Seit dem 9. Februar 2014 herrscht im Schweizerland Konfusion. Die Hälfte der Abstimmenden (50,3%) hatte „gegen Masseneinwanderung“ votiert, da „Masslosigkeit schadet“ (SVP-Propaganda). Die andere Hälfte hatte vergeblich davor gewarnt, die Initiative setze nicht nur die Personenfreizügigkeit mit der EU aufs Spiel, sondern stelle die gesamte Europapolitik der Schweiz der vergangenen 20 Jahre in Frage. 14 Monate später stapeln sich die gutgemeinten Lösungsvorschläge, die professoralen Lehrmeinungen, die parteipolitischen Werbekampagnen, die diametral auseinanderdriftenden Analysen. Alle kennen sie die Lösung – doch die Vielzahl der Vorschläge lässt ahnen: Das helvetische Geschäftsmodell „Fünfer und Weggli“ ist inzwischen aus dem Sortiment gestrichen.
Die Bilateralen
Die bilateralen Abkommen der Schweiz mit der EU sichern uns seit 1972 den Zugang zum Europäischen Binnenmarkt der EU. Die Hauptetappen dieses Vertragswerks: das Freihandelsabkommen von 1972, das Versicherungsabkommen von 1989, die bilateralen Abkommen I von 1999 und die bilateralen Abkommen II von 2004.
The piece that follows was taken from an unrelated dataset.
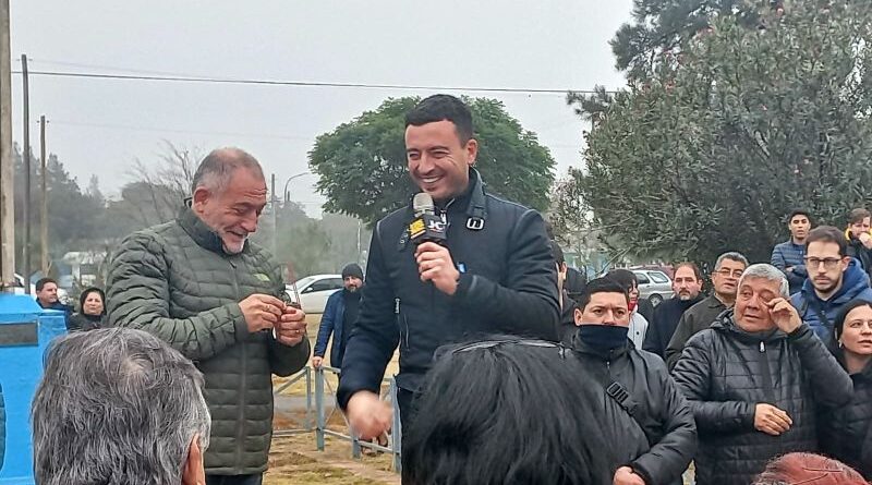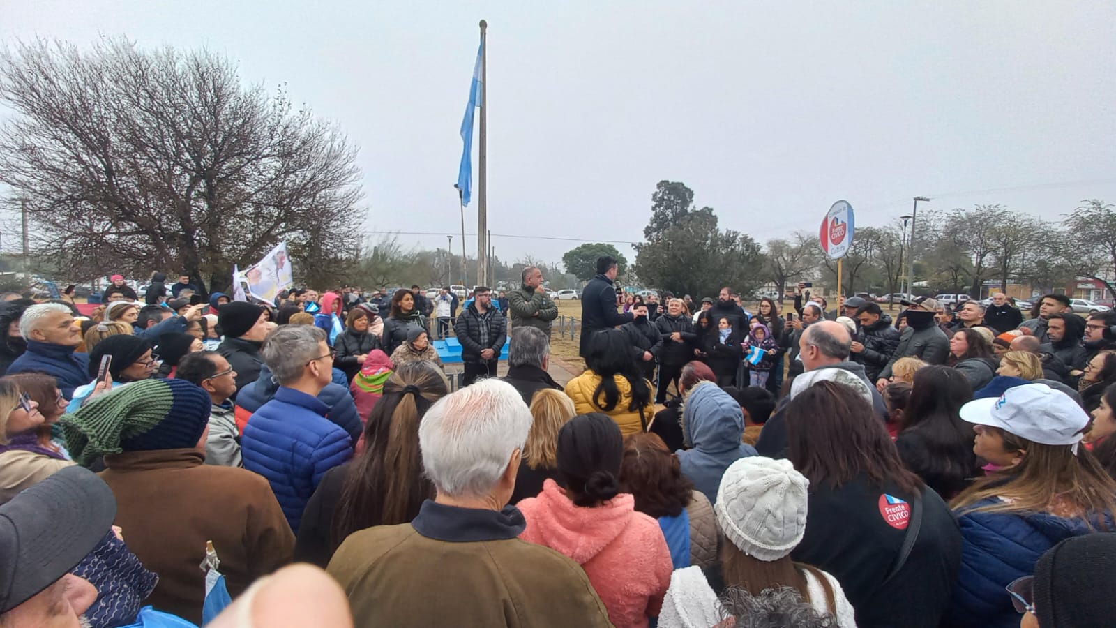 El acto de Juez y De Loredo fue acompañado por un centenar de vecinos de barrios de la zona sur, que llegaron a la Plaza Malvinas Argentinas portando banderas argentinas e insignias partidarias.

Die Kündigung dieser Verträge, wie es AUNS und „Weltwoche“ forderten, und deren Ersatz durch Freihandelsabkommen, diese Idee der einfachen Lösung ist in ihrer Konsequenz wohl ziemlich abenteuerlich. Für Verträge braucht es bekanntlich zwei Partner.
Die Einwanderung wieder mit Kontingenten zu steuern, wie es die Initiative fordert, widerspricht dem Freizügigkeitsabkommen mit der EU, das mit sechs bilateralen Verträgen verknüpft ist (Guillotine-Klausel). Es erstaunt nicht, dass von Seiten der EU-Kommission seither signalisiert wird: Verhandlungen über Ausländerkontingente und Inländervorrang sei kein Thema.
Exportbilanz der Schweiz
Die Schweizerische Nationalbank hat im Februar 2015 mit einem weltweit registrierten Paukenschlag den Mindestkurs des Schweizer Frankens aufgehoben.
Dieser Entscheid hat zur Folge, dass Schweizer Exporte auf einen Schlag erheblich verteuert wurden, die Konkurrenzfähigkeit unserer Exportindustrie abnahm.
Unsere wichtigsten Abnehmer in der EU waren 2012, gemäss SNB: Deutschland mit 41,8 Milliarden Franken, Italien (15 Mia), Frankreich (15 Mia), Vereinigtes Königreich (11,4 Mia), Österreich (6,2 Mia.), Niederlande (5,2 Mia.), Spanien (5,5 Mia.). Dass wir im gleichen Zeitraum in die USA (23,5 Mia.), China (7,8 Mia.) und Japan (7,0 Mia.) exportierten, dient zum Vergleich: der Zugang zum Europäischen Binnenmarkt ist für die Schweiz von absoluter Priorität. Unser Wohlstand, das wissen Befürworter und Gegner der Initiative, wird nicht nur, aber auch von der Exportindustrie erzeugt.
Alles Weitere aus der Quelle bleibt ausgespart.